The total lipid content was analyzed in the biomass of microalgae strain using cryopreservants. Scenedesmus sp. R3 showed an increase in the total lipid content after cryopreservation, unlike the other two strains that showed a decrease by a large proportion (Chi square = 5.955556, df = 2, p = 0.0509) (Fig. 3B). Saadaoui et al. (2016) confirmed that the lipid production could be affected by the cryopreservation method that could result in an increase and decrease in lipid content. When the two cryopreservants were compared, a higher lipid content was observed in the biomass that was cryopreserved with glycerol. Thus, in Chorella sp. M2 and Chorella sp. M6, the relative lipid content was twice as high compared to the biomass cryopreserved with DMSO + sucrose (Chi-square = 6.300000, df = 2, p = 0.0429) (Fig. 3B). This might be due to the fact that some algae can utilize glycerol as a carbon source. Since, Chlorella vulgaris achieved maximum lipid productivity in glycerol supplemented culture medium (Sharma et al., 2016), this could be the reason for the observed increase in lipid content. In addition, the cytosolic lipid bodies increased in number as well as in size as the intensity of the light increased. So, the use of glycerol could advantageous for lipid production.
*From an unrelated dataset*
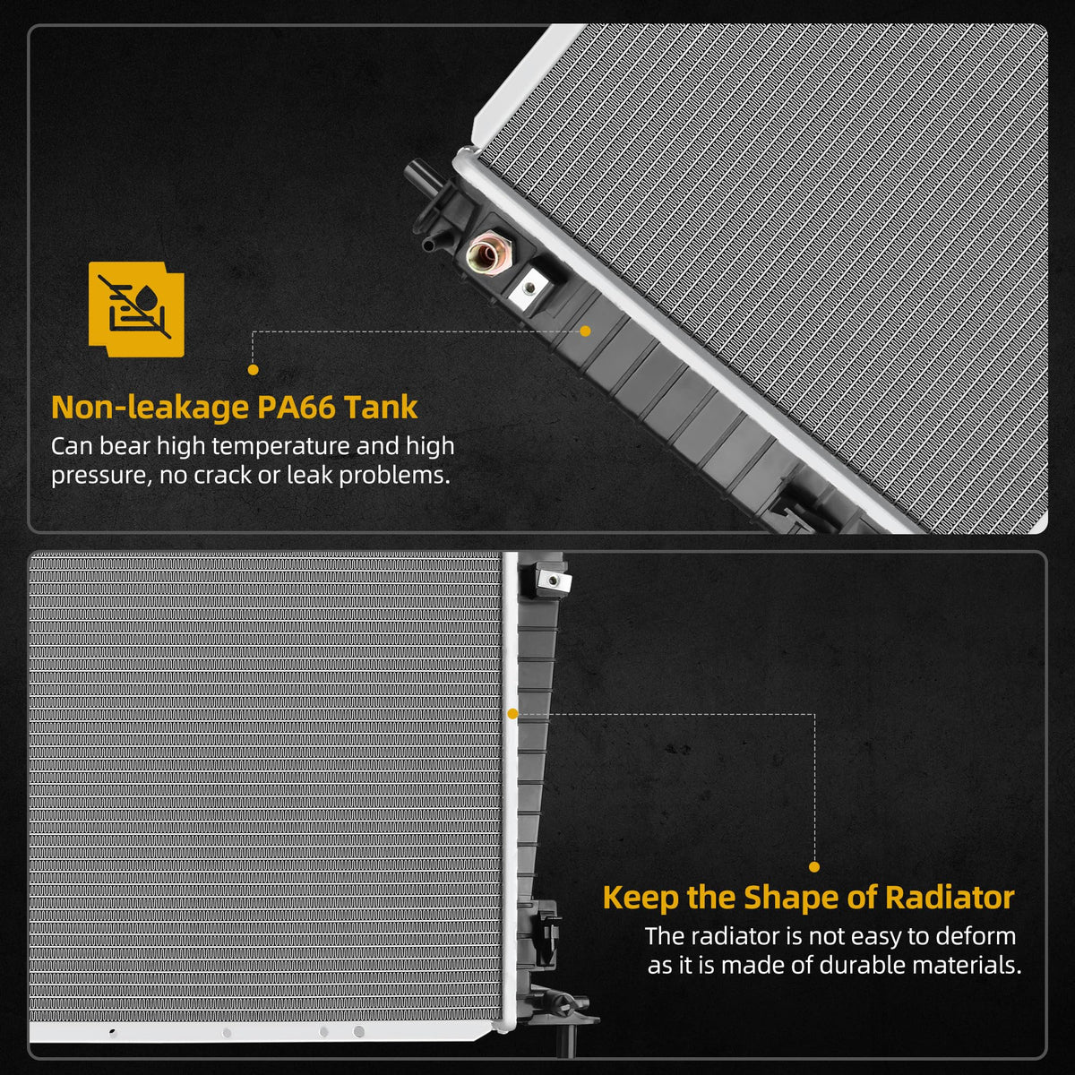 DIRECT OEM FIT - Radiator Compatible with 1997-2002 Ford Expedition, 1997-2003 F-150, 1997-2003 F250, 1999-2009 F-350, 1998-2002 Lincoln Navigator, 2003 Blackwood 4.6L 5.4L V8. Please confirm the fitment before ordering. | THE RIGHT CHOICE - OEM part number: F75H8005MA, F75Z8005JA, XL3Z8005BA, FO3010141, FO3010144. This OEM replacement part with 12 months, 12,000 miles warranty. | AFFORDABLE, RELIABLE & BUILT to LAST - This complete radiator is built with high density multi-louvered fins for maximum cooling efficiency, to ensure durability in extreme cold weather, 100% no leaks. | PREMIUM QUALITY for INSTALLATION - The aluminum radiator core built with TIG-welded end PA66 GF30 inlet/outlet tanks, brass transmission oil cooler and treated coating is applied to ensure product longevity. | ENHANCED PACKAGE - Package come with 1x DWVO Complete Radiator and 1x User Manual, WITHOUT RADIATOR CAP. Fixed foam in four corners for the purpose of fixing the radiator, no bending and no damage. Professional installation would be highly recommended.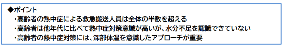 加齢に伴う様々な身体機能の変化によって熱中症のリスクが高い高齢者にとって、水分補給だけでなく身体内部からの冷却や深部体温を意識した熱中症対策のアプローチが重要な対策となり得ます。

Tropical microalgae are adapted to high temperatures and sunlight. For this reason, these microalgae can be cultivated outdoors efficiently for lipid production. Wang et al. (2013) showed that lipid and protein content varied with different nitrogen and light regimes. Higher light intensities tend to induce the production of more neutral lipids in comparison to polar structural lipids in algae cells. These tropical freshwater microalgal strains have potential biotechnological applications; therefore, further studies are required on them.